Айша едва устояла на ногах, когда Патимат объяснила ей, почему вернулась с больным ребенком домой. Юная Патима еще не вернулась со школьных занятий, а кроха Шамиль, к счастью, безмятежно спал, и обе женщины, уложив Расула на кровать, дали волю слезам.
Слегка успокоившись, они прочитали над несчастным ребенком молитву, и пожилая мать со словами «Сами'а Ллаху лиман хамидах» («Да прислушается Аллах к тому, кто Его восхвалил» – араб.) обняла дочь.
– Хозяюшка! – донесся со двора старушечий голос.
Айша посмотрела на дочь вопросительно.
– Это баба Наташа, – поднялась с колен молодая мать.
– Что ей нужно?
– Хочет помочь…
– Дорогая моя, – простонала пожилая мать, по-прежнему стоя на коленях, – моему внуку не смогли помочь даже врачи!
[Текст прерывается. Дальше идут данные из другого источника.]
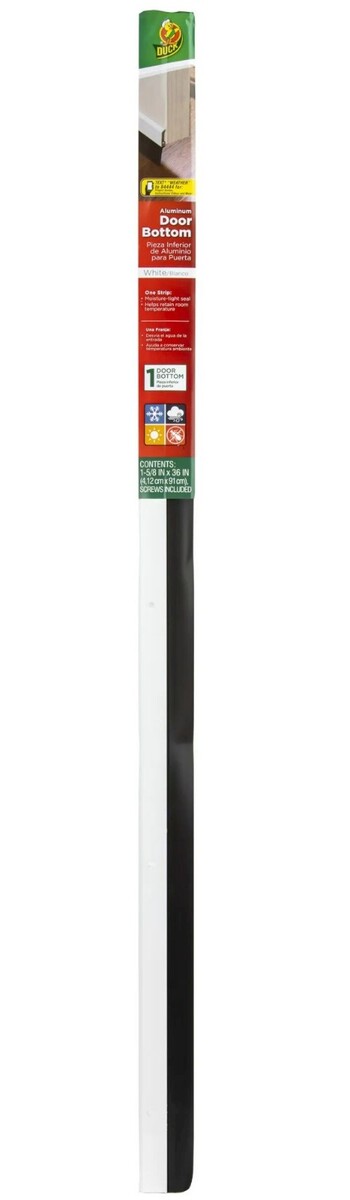 (1) NEW ALUMINUM DOOR BOTTOM WHITE COLOR MANUFACTURED BY DUCK BRAND MPN 08140 UPC# 075353081402. DOORS ARE A COMMON SOURCE OF HIGH HEATING AND COOLING COST THROUGHOUT THE YEAR, DUE TO UNTREATED CRACKS AND OPENINGS, ESPECIALLY THE BOTTOM OF THE DOOR, WHERE COLD AIR CAN BLOW IN OR OUT. THIS DUCK BRAND WHITE ALUMINUM DOOR BOTTOM SEAL WILL PROVIDE A SIMPLE SOLUTION TO BLOCKING DRAFTS AND PREVENTING INSECTS, WATER, DUST AND DEBRIS FROM GETTING INTO YOUR HOME. DESIGNED TO SEAL THE GAPS BETWEEN THE DOOR BOTTOM AND THRESHOLD, THIS IS A CRITICAL SEAL TO KEEP COLD AIR OUT IN THE WINTER AND THE COOL AIR IN DURING THE SUMMER MONTHS. YOU WILL RECEIVE ONE (1) NEW DUCK BRAND 36" length ALUMINUM DOOR BOTTOM IN WHITE COLOR, AS PICTURED, SHIPPED BY USPS....

А эта женщина тем более не поможет ему своими молитвами – она ведь даже не мусульманка!
Патимат от этих слов, лишающих последней надежды, побелела еще сильнее (от усталости и опустошающего душу горя ей самой не хотелось жить) и проговорила негромко:
– Тогда я лягу рядом с сыном и умру вместе с ним! – С этими словами она вышла во двор и открыла калитку гостье.
Старуха приветливо улыбнулась ей и, обронив: «Айда, девонька», вошла в дом; там с той же приветливостью кивнула Айше, вышедшей навстречу. В отличие от этих несчастных женщин, баба Наташа выглядела спокойной и уверенной. Была не по летам бодра, а в глазах ее, обесцветившихся от старости, светилась какая-то необъяснимая веселость, будто знала загодя, что пришла не напрасно, и ей это обстоятельство доставляло огромное удовольствие.
В руках она держала авоську, и Патимат недоуменно переглянулась с матерью, когда та достала из сетки-сумочки две пол-литровые баночки, завернутые в плотную материю. Обе банки аккуратно развернула и выставила на стол – так, чтобы на них не падал солнечный свет. В одной из банок была обыкновенная вода с едва различимым желтоватым оттенком и почти незаметной мутью на дне; в другой – грязно-красноватая жидкость с густым осадком, похожим на чайную заварку.
Патимат молча наблюдала за приготовлениями, и только когда гостья обернулась к ней, спросила, не сводя настороженного взгляда с банок:
– Что это?
– Это, незнайка, лекарство! – рассмеялась старуха. – Особенное, я его сама приготовляю из цветка-травинки. Растет он только на болоте, в тенечке деревьев или кустарников, а цветет, поганец, всего-то один раз в годок. Я этим чайком своих внучат выхаживаю, коли сильно захворали. Даже зятька своего – будь он трижды проклят, окаянный! – из того света вытащила: он едва от пьянки не сгорел, с реанимации забрали, чтобы дома душу отдал богу (или дьяволу!), а я его выходила, на свою голову: чуть ли не до смерти как-то дочку мою забил. Психованный обормот стал – водку-то с оной поры ни капли!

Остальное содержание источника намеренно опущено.